It constantly baffles me how much can change in such a short period of time. These past four years have been so emotionally draining and so full of change and growth that it's hard to just sit down and think about it all. I make a point of being busy all the time because when I do have those moments of recollection I tend to lose my present self to all my memories. I don't have many people in my life but those that have been around for quite some time know I'm not the easiest person to handle. I have my good days where I'm so thankful for being able to be myself and appreciate where I am today and how far I've come. I also have my bad days where I get lost in the pool of memories that remind me how hard life can be sometimes. I have loved a lot in the last four years. I fell in love with the countryside, I fell in love with independence and with phone calls with my mother. I fell in love with the comfort of a coffee shop and two little boys who were my world. I fell in love with my first car and with nights of music. I fell in love with a career and with myself for being someone I want to see when I look in the mirror.

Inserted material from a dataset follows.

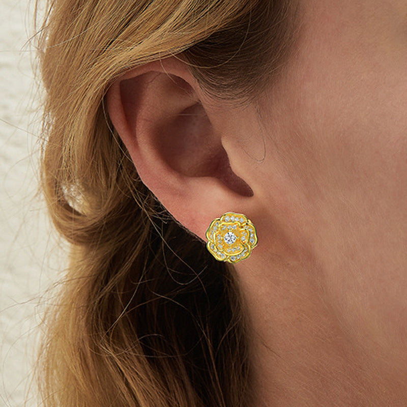 This chic Zircon Camellia Silver Studs Earrings add a touch of elegance to any look. The classic studs feature sparkly Zircon stones for sparkle and the perfect Camellia design for a touch of refinement. It's an ideal accessory for any occasion.
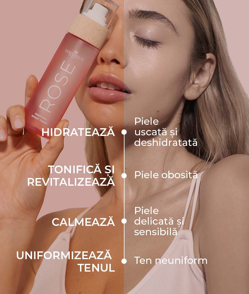 Bogată în antioxidanți și vitamine, apa de trandafiri îmbunătățește hidratarea și aspectul pielii. Are efect anti-îmbătrânire: reduce ridurile fine și porii, tonifiază și conferă luminozitate. Calmează.

I've also spent a lot of time falling. Not falling in love but falling down; scraping my knees, losing pieces of my old self and not always putting everything back together again. A big chapter of my life seems to be finally rewriting itself with a happy ending. It's always about the happy ending. Everyone wants one and we all do what we have to to achieve that ending. I've found that everything we have to go through and everyone we have to meet and experience to be able to finish those chapters often leave the endings bittersweet. There's a feeling of calm, calm serenity that something so hard is finally becoming more manageable. However, there's those mornings, those lazy Sunday mornings where all you have is thought and you realise how much you've lost along the way. That happy ending you pictured four years ago is finally being written but all the characters aren't the same.
Plot twists and rewritten chapters, everything has an ending it's just some of them aren't so easy to write.